The study, based on survey data from last year, is the latest to underscore how important, and how challenging, the ramifications of China’s tide of urbanization are.
“Our country still faces many challenges in achieving healthy urbanization,” said the report, according to a summary from Xinhua news agency.
“At present, we still have not formed a sensible array of cities and towns, and overall urban capacity urgently needs to be strengthened,” it said. “The migrant population strongly desires to be absorbed into the areas where they live, but there is a stark conflict between supply and demand of urban public services.”

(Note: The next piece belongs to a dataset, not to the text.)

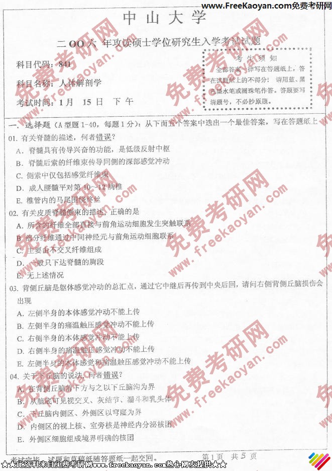 专业课考研经验 本站小编 FreeKaoyan 2018-01-22中山大学2006年考研真题-病理学

China’s census last year found that the country had 1.34 billion people, 670 million of which were residents of towns and cities.
Many new urbanites are young rural migrants with no plans to return to villages and farming after years in factories, unlike their parents’ generation.
Although their wages have risen in recent years, this “new generation” of migrants also needs better housing, healthcare and schooling opportunities. The report found that 52 percent of Chinese rural migrants had no social welfare insurance.
In June, migrant workers rioted in southern China’s manufacturing belt, trashing government offices and police vehicles after a pregnant peddler was roughed up by guards, triggering anger about mistreatment.
China has about 153 million migrant workers living outside their hometowns and by 2009, 58.4 percent of them were “new generation” migrants born in 1980 or after, according to an earlier National Bureau of Statistics survey.